Wolff writes, “At the peak of its creative powers, Apple sued Microsoft, claiming that Windows was a Mac rip-off, which it was. The suit became Apple’s raison d’etre, tied up the company’s psychic energy and hopes and dreams for years, and sorely inhibited its creative powers. And then it lost.”

Wolff writes, “It’s a Steve thing. Not just a temper tantrum. But an operatic one. It’s Steve Jobs’ signature: pride and paranoia.”

MacDailyNews Take: Really dramatic, Mike. Too bad Steve wasn’t there. Steve Jobs didn’t ink a poorly-written contract that gave away the company’s crown jewels to Microsoft in perpetuity, the unprepared sugared water salesbozo did. Otherwise, it’s a really great story so far. (smirk)

Wolff continues: Behind it, too, is the motivation of all great competitors—they really don’t want to compete, they want the market for themselves. Now it’s Google, rather than Microsoft, copying him. It’s Google’s phone he’s out to get. He’s pissed off: Google controls the Internet and all he controls is his rotten phone.

A lawsuit is, quite literally, a form of protectionism—of wanting the law to give you an advantage that the market isn’t giving you.
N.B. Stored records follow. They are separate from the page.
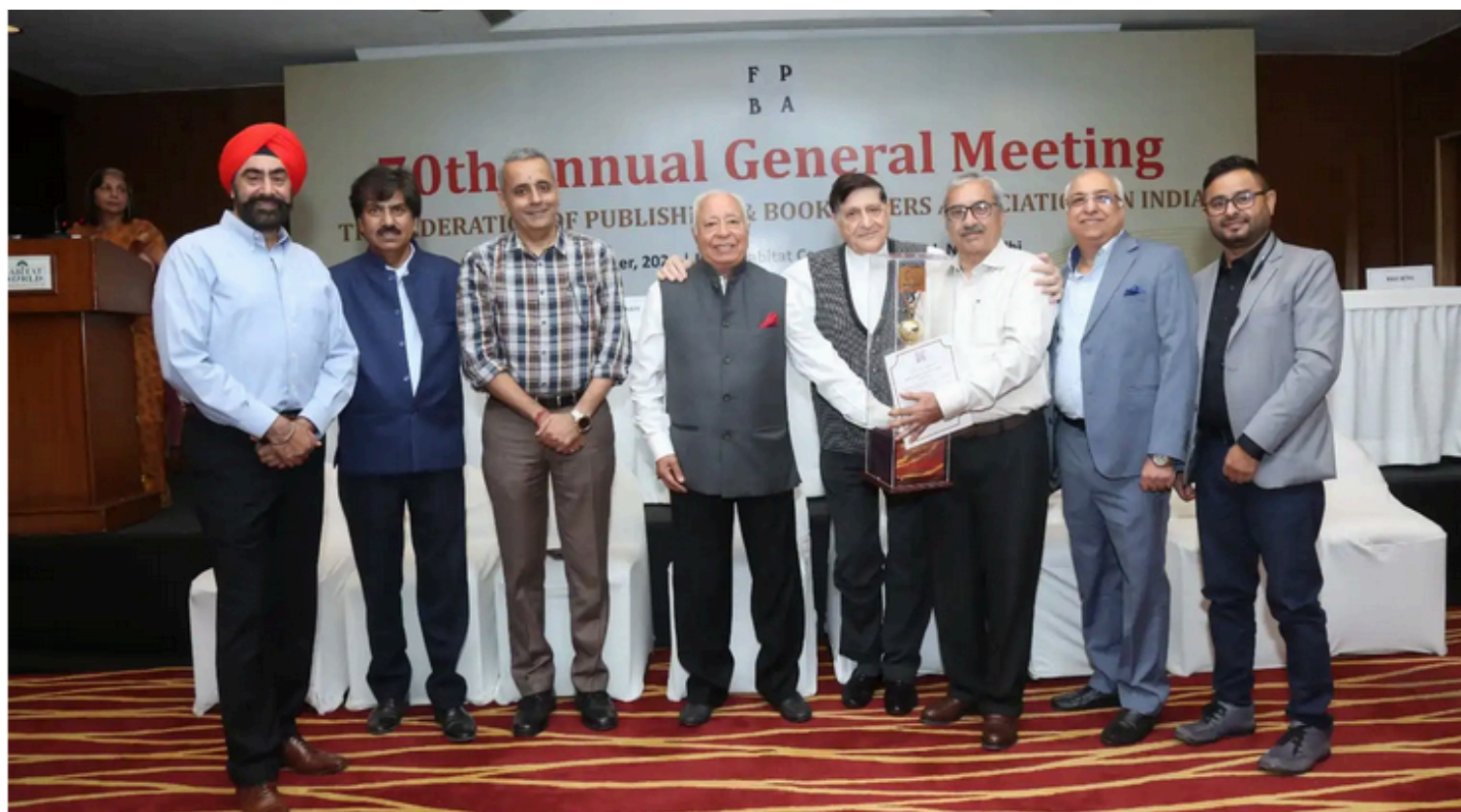
Receiving the Golden Award on Completing 50 Years in Publishing Industry on September 28th, 2024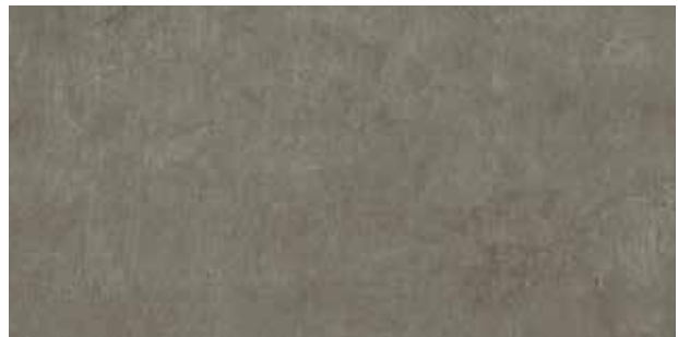
AV324 ▶ Mainline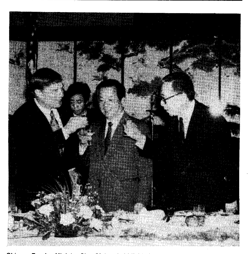
Chinese Foreign Minister Qian Qichen (middle) held a reception marking the 10th anniversary of the establishment of Sino-American diplomatic relations. Chinese Vice Premier Wu Xueqian (right) and US Ambassador Winston Lord (left) attended the reception.

At the time when Japan struck China with a war of aggression, the United States was battling its own great economic recession. The US government then did not consider China's security a matter of life and death as far as US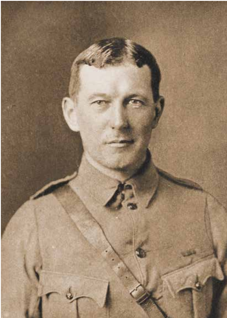
Lieutenant Colonel John McCrae, MD, Canadian Army Medical Corps.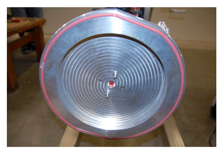
Figure 3: Spacers are in place and screws removed.

After putting in the spacers, remove the other two screws. The spacers keep the vacuum plate from falling off once all the screws are removed. Make sure the rotation brake(10) is backed off all the way, then wiggle the faceplate gently from side to side until it comes off. Keep in mind that there are small black o-rings in between the vacuum plate and the ergo-arm, don't knock these out of their tracks. Also make sure the Teflon rotation brake does not come off, there is no plate holding it on so the Teflon part can come off.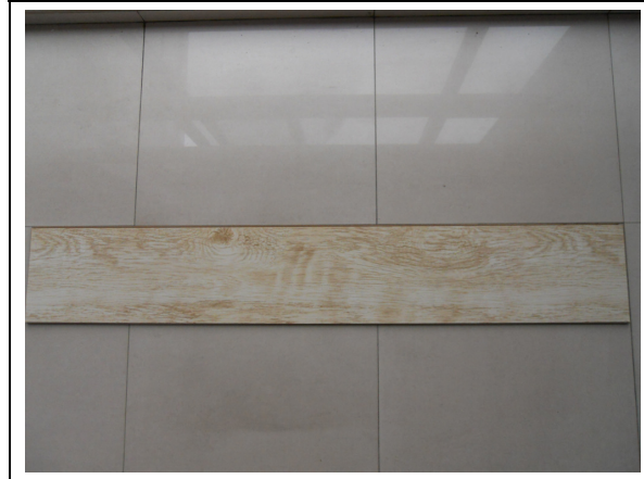
Test sample (back View) (FORTHFLOOR PRATIC AC3 CHINA 2011/05/16 12:50:37 64)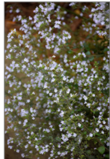
Dwarf Calamint flowers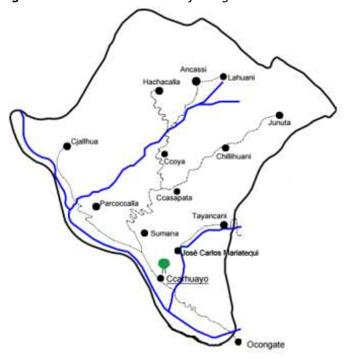
Figure 2 – Overview locations of villages within the Ccarhuayo district

agricultural production, animal husbandry is more market oriented and provides the largest part of the on-farm income (Kristjanson, 2007; Postigo, 2008). However, years of free-roaming have left large parts of the land in Ccarhuayo unproductive and degraded, making it harder to feed the animals and maintain healthy and large stocks. Currently, for most families only a small part of the total family income is generated by on-farm activities. Usually men have side-jobs during (parts of) the year in construction or mining and this is where relatively most money is made.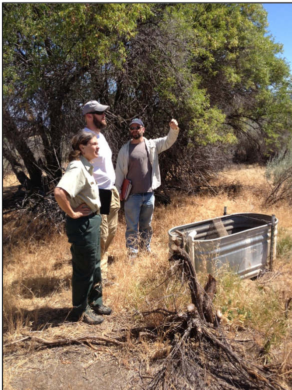
The Warner Ranch watering trough is described to the Monitoring Team and Palomar District Ranger by the Forest Grazing Program Manager.

Continue to manage the allotment to standard.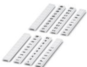
Zack marker strip flat, 10-section, horizontally labeled with the consecutive numbers: 131 ... 140, white

Please be informed that the data shown in this PDF Document is generated from our Online Catalog. Please find the complete data in the user's documentation. Our General Terms of Use for Downloads are valid ( http://phoenixcontact.com/download )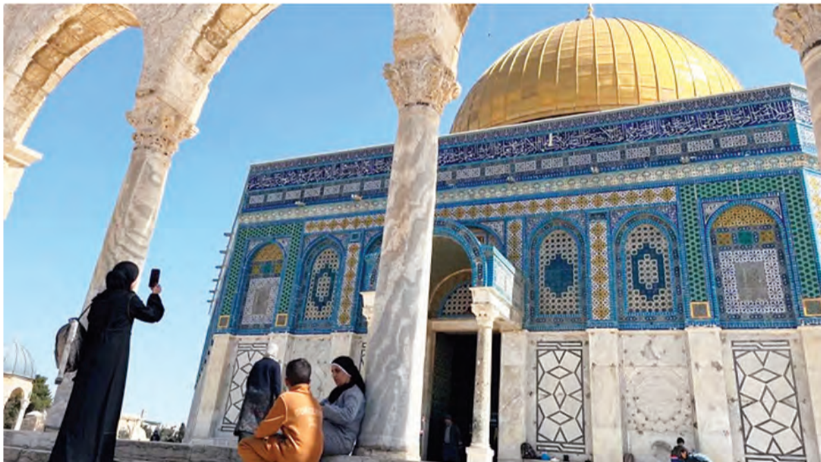
The site is often a flashpoint during flare-ups in the Israel-Palestinian conflict

Since Israel captured East Jerusalem, including this part of the Old City, from Jordan in the 1967 Middle East War and occupied and annexed it, the site has become a prominent symbol of the wider Palestinian struggle.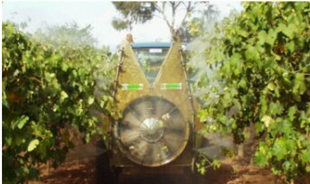
Figure 8. Thorough spray coverage is critical for good powdery mildew control.

To achieve effective coverage, machinery calibration and set-up must be correct. It is particularly important to adjust spray volumes to suit the canopy volume, which varies markedly during the season. Growers can be assisted in equipment set-up by the equipment suppliers or training programs such as the 'Research to Practice Spray Application in Viticulture' workshops organised by the Cooperative Research Centre for Viticulture (see 'Additional information sources').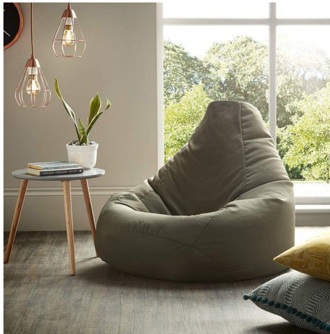
Fig. 10 – Example of Bean Bag Model and Material.

Bean Bags need to be 90 cm in diameter and with a comfy and a velvet fabric that can help the skin breathe (liquid repellent fabric).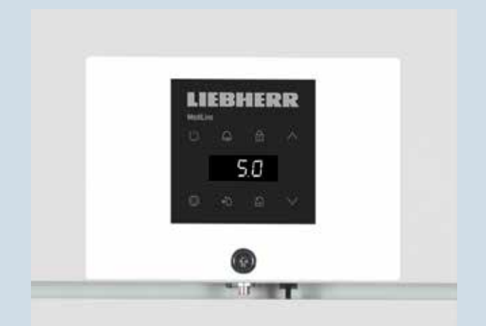
Precise temperature control. Vaccines and refrigerated medicines can be securely stored between +2 °C and +8 °C.

Liebherr vaccine and pharmacy refrigerators are Quality Care Pharmacy Program compliant and purpose-built with high quality materials to meet the stringent standards needed by your pharmacy. Trust in the superior performance and reliability of Liebherr to store your valuable vaccine and refrigerated medicines safely and effectively at the precise temperature-controlled conditions.

So, curiously, I would read Apple’s gambit as a sign of frustration with the iPhone. In spite of the sense we all have that it’s taken over the world, Apple’s margins are apparently not large enough to sustain a competitive onslaught. If they were, Apple would not have bothered suing, which has its own huge costs—in resources, image, time, and in the doubts it sows among investors.

Murdoch, too, prefers muscle to the market. Mostly, he doesn’t sue; he just bullies. The Murdoch strategy is to be as frightening as possible. He’s a jaw boner. A growler. A fist pounder. He wants to suggest that he is a little less rational than everybody else, a little more primal, a little more extreme. In this, he is a better businessman than Steve. Murdoch doesn’t really believe he can positively impact his business with an epic and defining lawsuit. (Also, his lawyers have not, traditionally, been the best.)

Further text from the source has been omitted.